Neuromarketing comes to our aid right here. Neuromarketing, he explains, is in fact a “discipline aimed at identifying communication channels that allow realizing purchasing decision-making processes through the use of methodologies related to neuroscience, marketing, advertising and semiotics.” There are many definitions of neuromarketing, but Diotto invites you to read Rooger Dooley’s, an American marketer, author of the famous book Brainfluence. Neuromarketing according to Dooley is the application of neuroscience to marketing. And so far, nothing new.

However, neuromarketing includes the direct use of functional neuroimaging techniques, which allow scanning and measurement of brain activity to measure a subject's response to specific products, packaging, advertising or other elements of Marketing. In some cases, the brain responses measured by these techniques may not be consciously perceived by the subject; therefore, these data may be more revealing than those self-reporting on surveys, interviews, focus groups.” This reflection, however, opens up a further question: not all marketing is neuromarketing, although from a certain point of view every marketing campaign seeks to produce neurocognitive activities that will lead to a behavior of desired purchase.

Diotto explains that it is better to “exclude strategic marketing actions that do not specifically incorporate neuroscience-based research or the introduction of archetypal structures that allow the message to be properly decoded, especially in brand positioning. It is therefore useful to understand that marketing strategies are only the tip of the iceberg but knowing everything that is underneath we could achieve so much more.” But what's in the hidden part of the iceberg?
How neuromarketing drives sales
Since last winter, Diotto has been directing the new Neuromarketing series for the Milan based publisher Hoepli. For his series he edited the Italian edition of a fundamental and revolutionary book: The Code of Persuasion, written by Christophe Morin and Patrick Renvoisé of Salesbrain, one of the most important neuromarketing agencies in the world.
The Persuasion Code is a fundamental tool for understanding and applying neuromarketing. It is also useful for young people, as it allows them to familiarize themselves with concepts, practices and jobs that will be increasingly crucial in the very near future.
Neuromarketing manages to block the moment when an emotion is experienced by the public and settles into its unconscious
The Code of Persuasion, the curator of the Italian edition explains, takes us on a long journey. “First you discover the fundamentals of the brain, persuasion, emotions, and then you learn how to apply them.” Morin and Renvoisé help change the way we think and work, to be creative and to set marketing strategies. Neuromarketing, Diotto continues, “allows the identification of the most suitable communication channels to achieve purchasing decision-making processes through the use of neuroscience-related methodologies.” Neuromarketing becomes an essential part of the baggage of every marketer and communicator.

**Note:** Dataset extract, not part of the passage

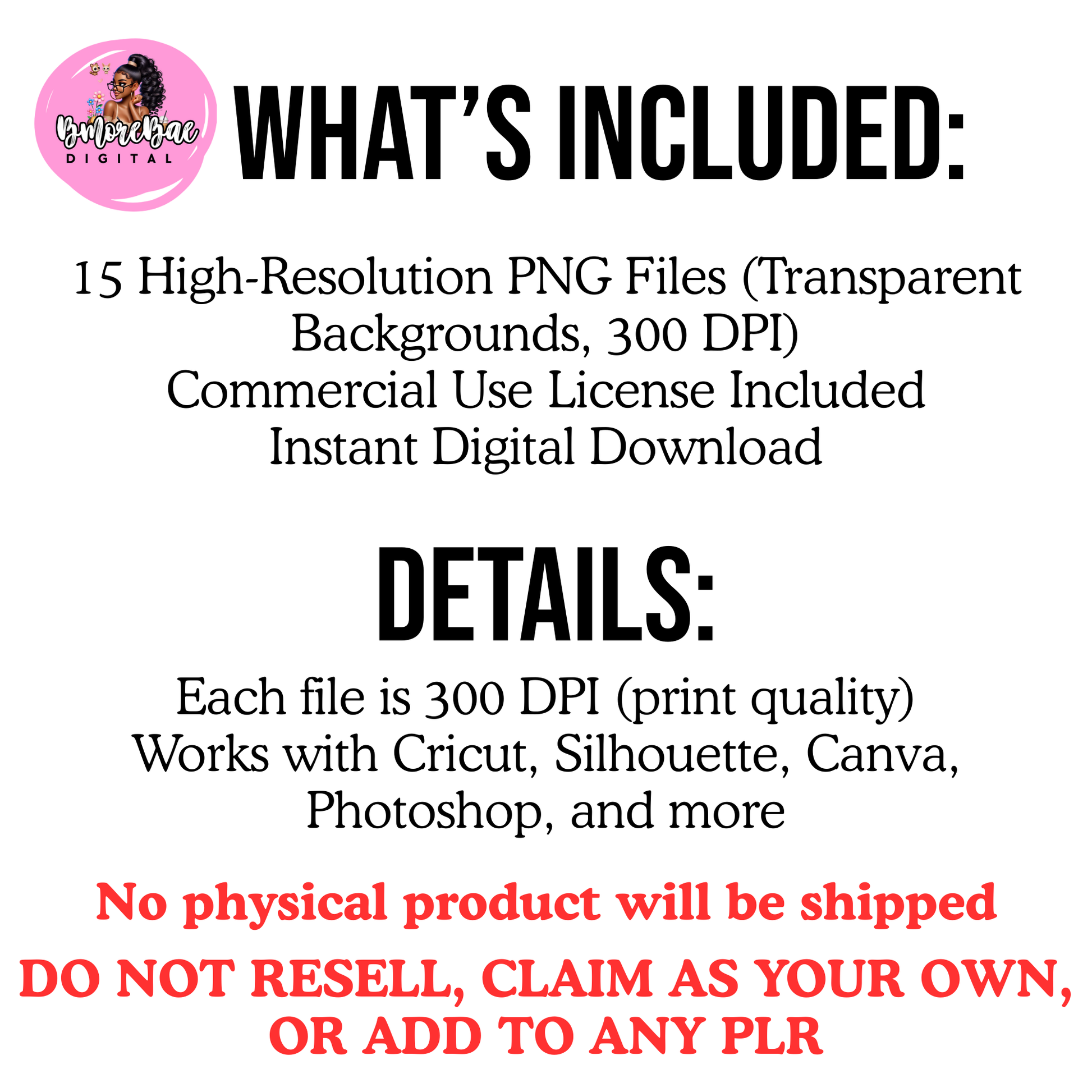Get ready to add some spooky sweetness to your crafts with this adorable set of 15 Black Girl Halloween Cuties! Perfect for sublimation, stickers, party invites, t-shirts, tote bags, and more. These cuties are dressed in pumpkin-themed outfits, rocking bows, beads, and braids—bringing melanin magic to your Halloween designs.
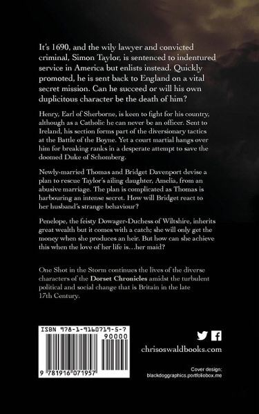 It’s 1690, and the wily lawyer and convicted criminal, Simon Taylor, is sentenced to indentured service in America but enlists instead. Quickly promoted, he is sent back to England on a vital secret mission. Can he succeed or will his own duplicitous character be the death of him? Henry, Earl of Sherborne, is keen to fight for his country, although as a Catholic he can never be an officer. Sent to Ireland, his section forms part of the diversionary tactics at the Battle of the Boyne. Yet a court martial hangs over him for breaking ranks in a desperate attempt to save the doomed Duke of Schomberg. Newly-married Thomas and Bridget Davenport devise a plan to rescue Taylor’s ailing daughter, Amelia, from an abusive marriage. The plan is complicated as Thomas is harbouring an intense secret. How will Bridget react to her husband’s strange behaviour? Penelope, the feisty Dowager-Duchess of Wiltshire, inherits great wealth but it comes with a catch; she will only get the money when she produces an heir. But how can she achieve this when the love of her life is…her maid? One Shot in the Storm continues the lives of the diverse characters of the Dorset Chronicles amidst the turbulent political and social change that is Britain in the late 17th Century.

Neuromarketing, Diotto concludes, “is born and makes sense within a company strategy, to give concrete answers to the motivations that drive the customer to purchase, as it manages to block the moment when an emotion is experienced by the and settles into his unconscious.
“The scientific study of what is done within the advertising product”, he concludes, “thanks to the meeting of images, sounds and colors with emotions becomes the scientific basis on which to design advertising campaigns and advertising strategies for every company and every product on the market.”